*PROMPT*
Leaving out the pictures, retype the lines from the top of the listing through the line with "法式中古风实木床1.8米美式复古双人床主卧轻奢简约软包婚床大床" exactly.

─── DATA SEGMENT

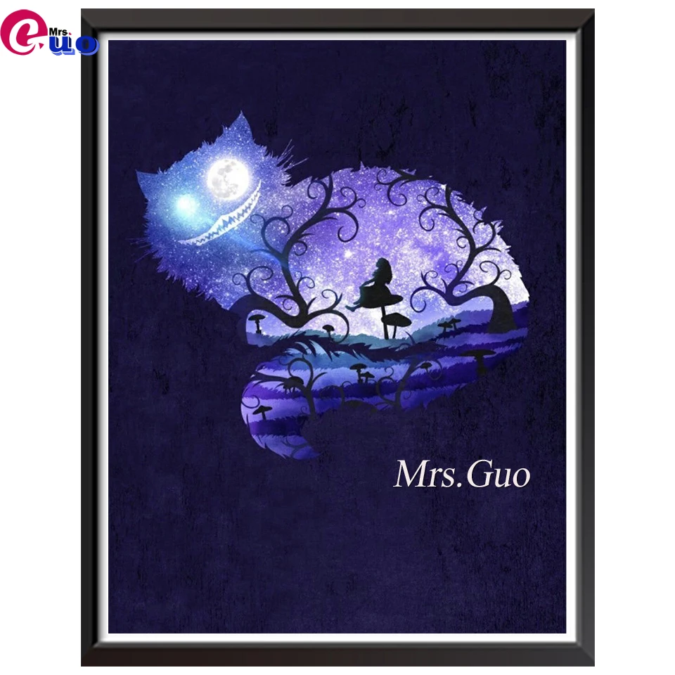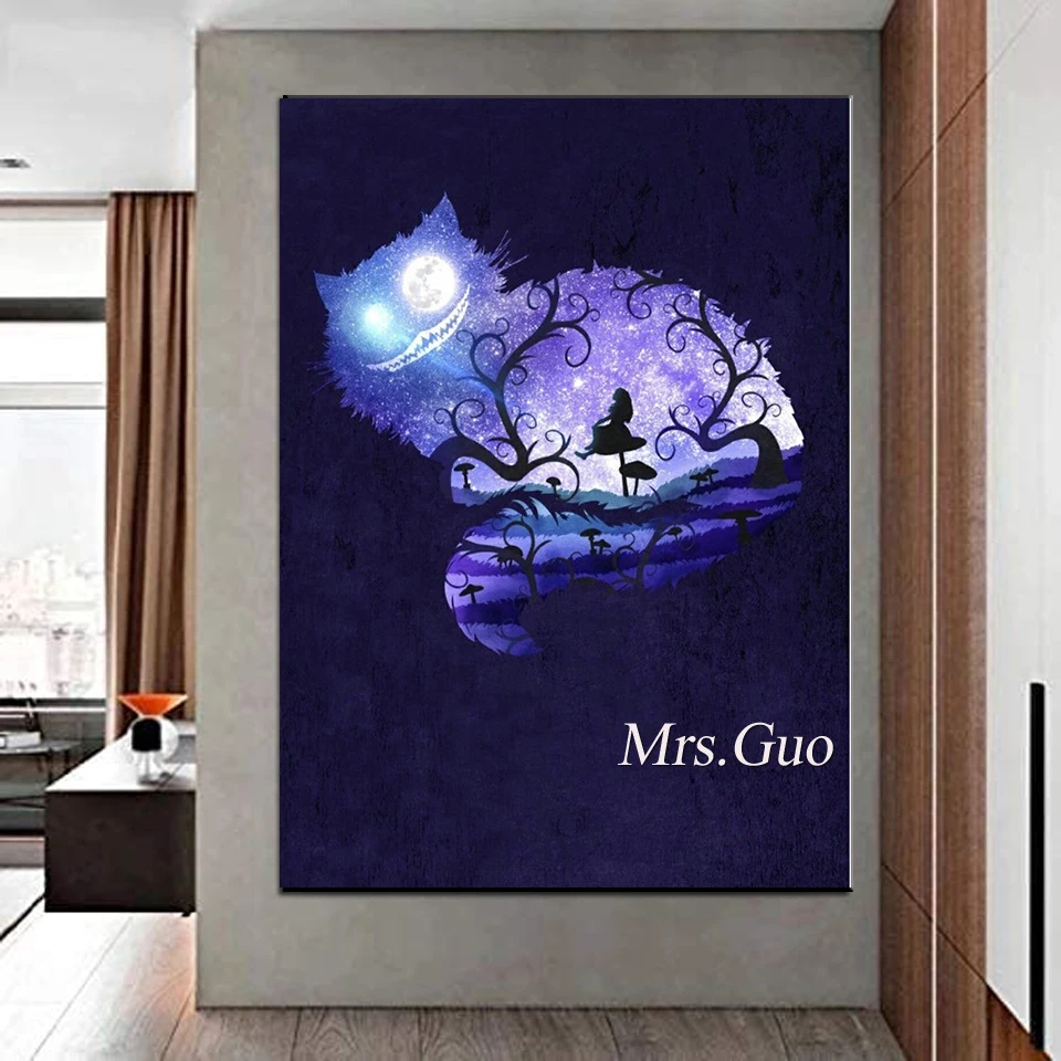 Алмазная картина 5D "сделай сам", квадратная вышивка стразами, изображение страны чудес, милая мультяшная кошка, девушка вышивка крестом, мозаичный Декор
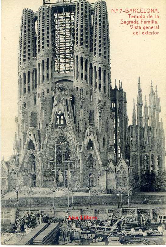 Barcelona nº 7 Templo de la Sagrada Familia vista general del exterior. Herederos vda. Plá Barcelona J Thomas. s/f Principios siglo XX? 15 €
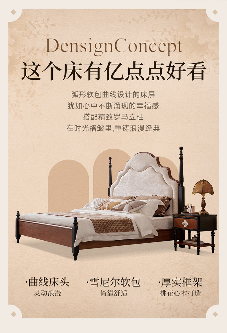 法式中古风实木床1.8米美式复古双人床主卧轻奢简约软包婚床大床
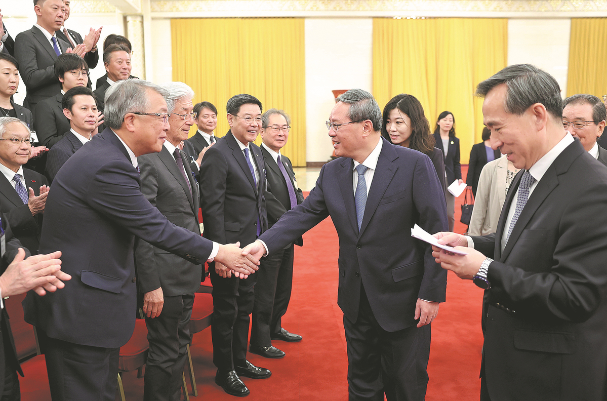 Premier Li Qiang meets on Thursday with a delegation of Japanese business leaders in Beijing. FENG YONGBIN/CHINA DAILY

──────

*WRITTEN REPLY*
 Алмазная картина 5D "сделай сам", квадратная вышивка стразами, изображение страны чудес, милая мультяшная кошка, девушка вышивка крестом, мозаичный Декор
 Barcelona nº 7 Templo de la Sagrada Familia vista general del exterior. Herederos vda. Plá Barcelona J Thomas. s/f Principios siglo XX? 15 €
 法式中古风实木床1.8米美式复古双人床主卧轻奢简约软包婚床大床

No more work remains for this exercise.